If you’re eating a typical Western or American diet, you’ll reduce your fructose consumption by adopting the Paleobetic DietMediterranean diet, or Low-Carb Mediterranean Diet.

RTWT.

Steve Parker, M.D.

3 responses to “Could Fructose Cause Diabetes?

  1. I’m also sceptical. Diabetes is a syndrome and far too complex to be blamed on a single cause such as fructose.

    We always seem to be looking for someone or something to blame for our T2 Diabetes instead of using our common sense about the amount of food we eat.

    I have a genetic *predisposition* to T2 so it’s my responsibility to make sure that I eat the foods that don’t elevate my blood glucose.

    T2 may have a variety of causes ranging from lack of exercise through fructose through certain chemicals in plastic alleged to cause insulin resistance/diabetes.

    What if it’s caused by a “perfect storm” of factors both known and unknown?

  2. Raise the level of fructose in your diet to keep your liver full of glycogen all the time. I think you’ll see the effect.
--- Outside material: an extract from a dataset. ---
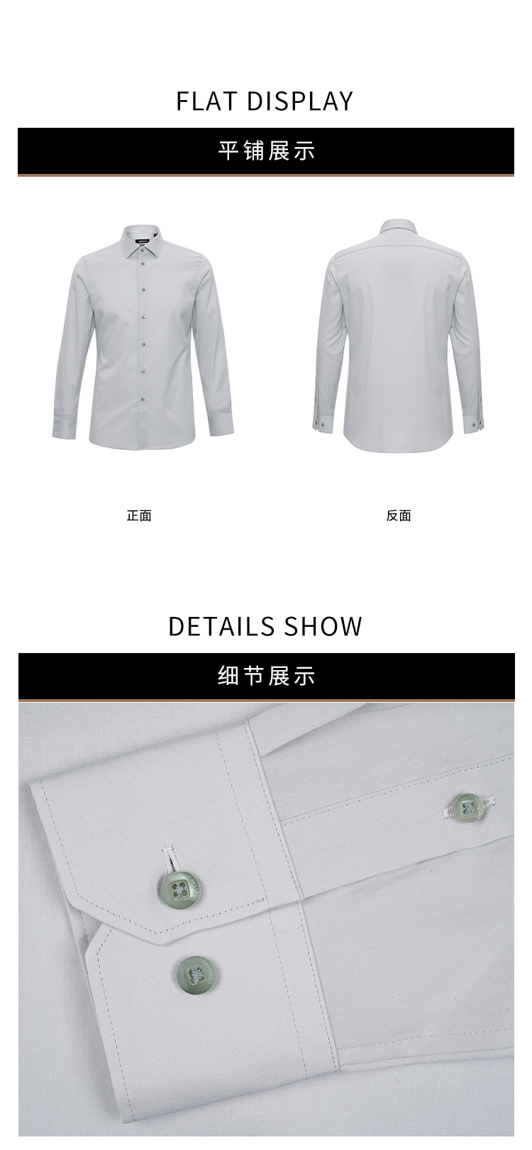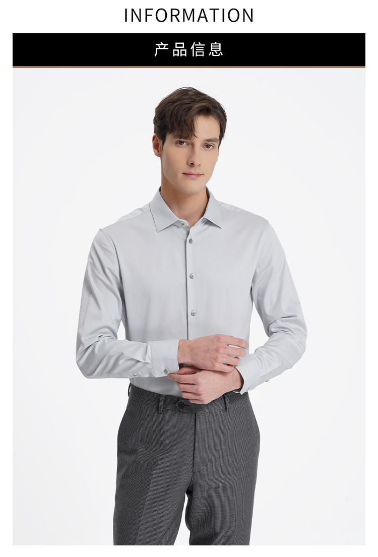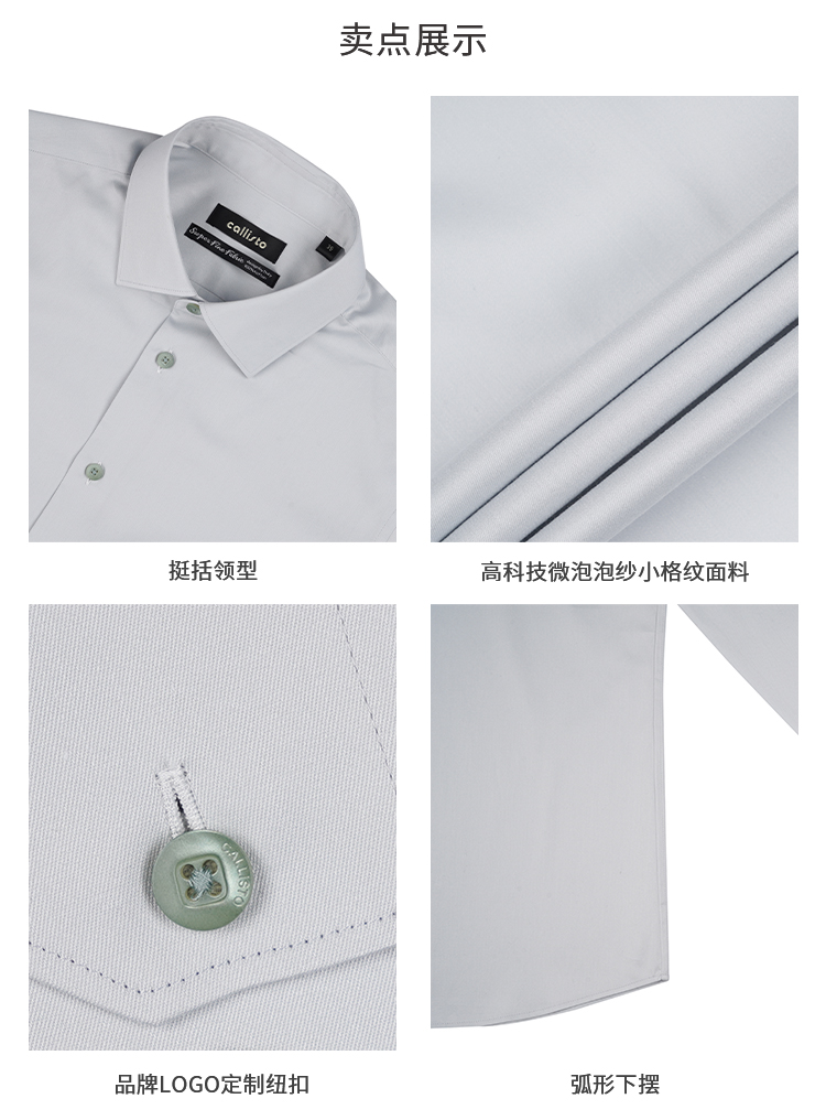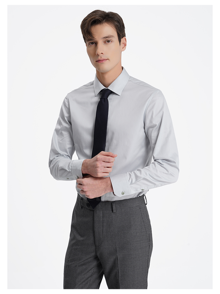 callisto高智系列灰色纯棉长袖衬衫
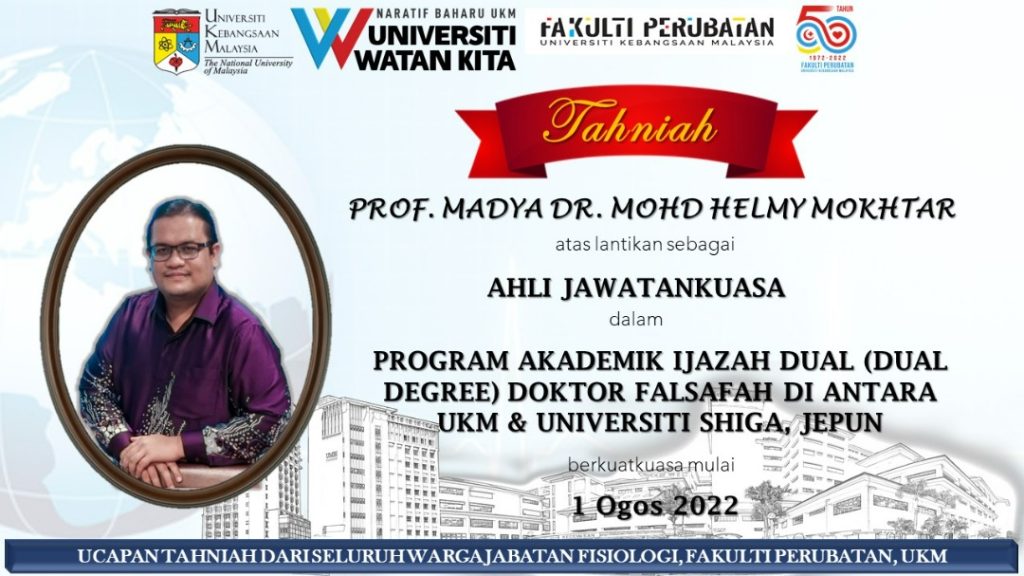 Jabatan Fisiologi merakamkan ucapan setinggi tinggi tahniah kepada Prof. Madya Dr. Mohd Helmy Mokhtar atas lantikan sebagai Ahli Jawatankuasa Program Akademik Ijazah Dual (Dual Degree) Doktor Falsafah antara UKM dan Universiti Shiga, Jepunberkuatkuasa mulai 1 Ogos 2022.

  3. I wanted to make a general comment that is based on my experience doing computer performance tuning. What happens is that the system is slow because of some bottleneck somewhere, and you fix the bottleneck, and then you see the computer is still slow because of some other bottleneck that was behind the first bottleneck and therefore invisible until you fixed the first bottleneck–the bottlenecks weren’t additive–the second one only appeared because you fixed the first one.
    So, suppose you are hyperinsulinemic from too many calories, and you become diabetic. You are not going to see any influence from fructose. Only when you cut the calories so that body does not think it is being overfed will any fructose effects occur.
    This is why most general nutrition advice fails to accomplish anything. The biggest bottleneck hides all the myriad other problems which only manifest when the biggest problem is solved, and correct nutrition information gets a bad rap as ineffectual as a medical treatment because the practitioners or self-treating patients do not carry through to solve all the nutritional problems.